When I arrived home, I was ready to punch something. But everything in the trailer was too cheap to stand up to any abuse. By the time I got to the backyard to kick the hell out of the burn barrel, my anger had subsided. I now lay curled up on the couch.

So some guy called me a faggot and I went nuts. You didn’t exactly have to be Freud to make sense of that. If I didn’t get myself under control, and fast, Sage’s secret would be the least of my problems. I had to remind myself that Sage made a very convincing girl, convincing enough to totally fool me. She was no taller than a lot of women, and that was really the only giveaway. How had she achieved that? How long had she been pretending to be female? Her parents must have allowed it, at least at home. Why on earth would a boy want to be a girl? I almost wished I was still talking to her so I could find out.

When someone knocked on the door, I knew who it had to be.

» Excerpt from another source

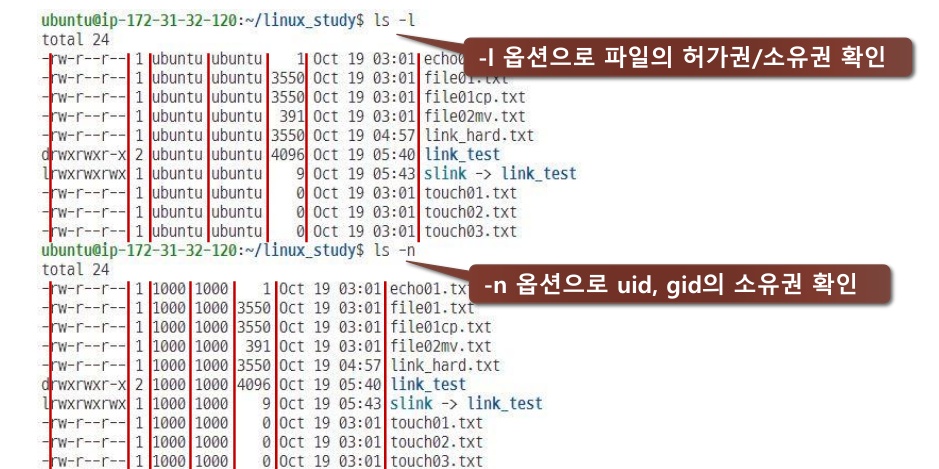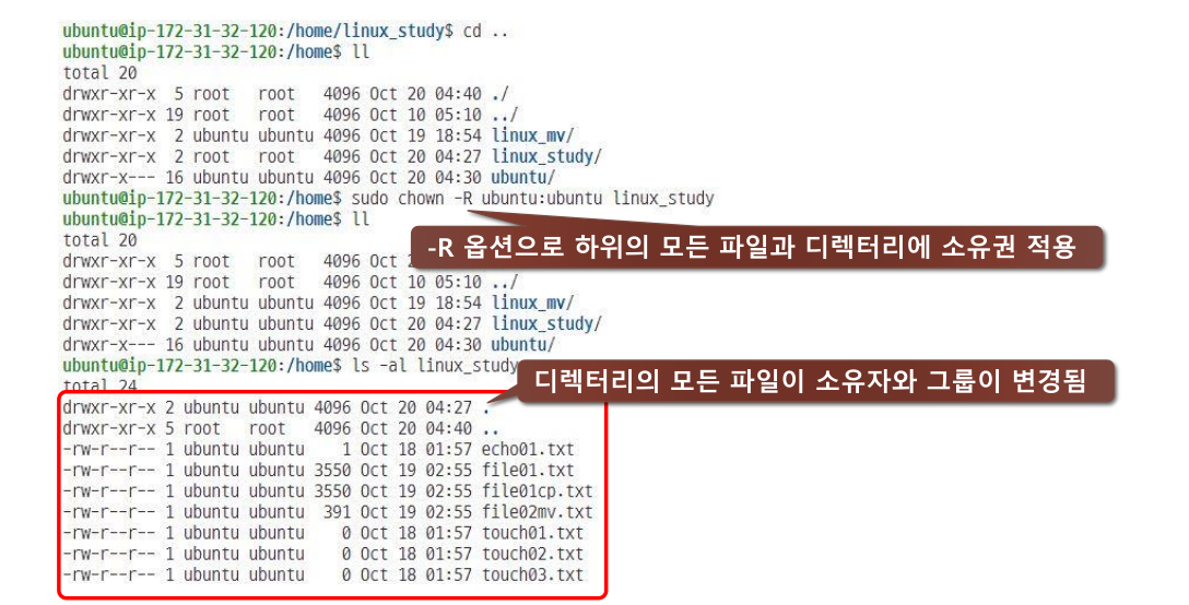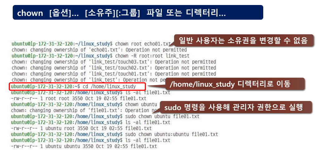 파일 또는 디렉터리의 소유자를 변경할때는 chown(change owner) 명령을 사용하며 소유권(Owner shop) 벼경 명령은 오직 루트 계정만 사용할 수 있는 명령이다.

Tim and Jack stood on the concrete slab that passed for our porch. They had looks of grim determination on their faces. Kind of like furniture repossessers: they had an unpleasant job to do, but they’d see it through nonetheless.

Jack was holding the football, twisting it in his hand. “Can we come in?”

That drove home how crazy things had gotten. They
hadn’t asked permission to come into the trailer since elementary school.

“Yeah.”

We all sat down, and for a minute, there was nothing but silence. Jack stood up and began pacing like a small dog on a short chain.

“So who won?” I asked after a bit.

“The game kind of ended when you left. Logan, what the hell were you trying to prove?”

I attempted to smile. “Lost my temper. Sorry.”

Now, normally, that’s all a guy needed to say. Men don’t discuss their feelings.
Sorry
usually covered just about any mistake.

Jack and Tim didn’t smile. Tim sat in the recliner looking solemn. Jack tossed the football into the air until it almost kerbonged the ceiling fan.

“Logan,” he said, still looking up. “Your mom called me yesterday.”

“Very funny.” But no one was laughing.

“He’s serious,” said Tim. “She called me too.”

My eyes widened. “Why would she call you?”

For the first time in years, Jack stood motionless. “She wanted to know if you were on drugs.”

“What would she think that for? She knows I’m not into that shit.”

Jack and Tim exchanged glances. “That’s what we told her,” said Tim. “But she said that for the past week you’ve been hiding in your room. Said you were acting all angry and wouldn’t talk to her.”

Jack spun the football on the coffee table. “We thought
you were just pissed off. But today at the game … Logan, you’re not doing meth, are you?” He wasn’t kidding. That was a serious question.

“No, I’m not on meth.” I was too embarrassed to pretend to be indignant. “I guess I really went nuts back there.”

Tim smiled, just a bit. “I wouldn’t go back to the game next month if I were you. Listen, Logan. We know what’s bothering you.”

I had been getting up to get some sodas, but I froze.
They can’t possibly know
.

“So she lied to you,” said Tim. “You’re not the only guy that’s ever happened to.”

I leaned against our entertainment center, trying to act like I wasn’t bracing myself. The trailer suddenly looked unfamiliar, like this was all some sort of post-enchilada nightmare I was having. Jack and Tim wouldn’t look at me. They knew Sage was a guy. They thought I was gay. Now I was going to have to run off and join the navy so I wouldn’t have to spend the rest of my life living this down.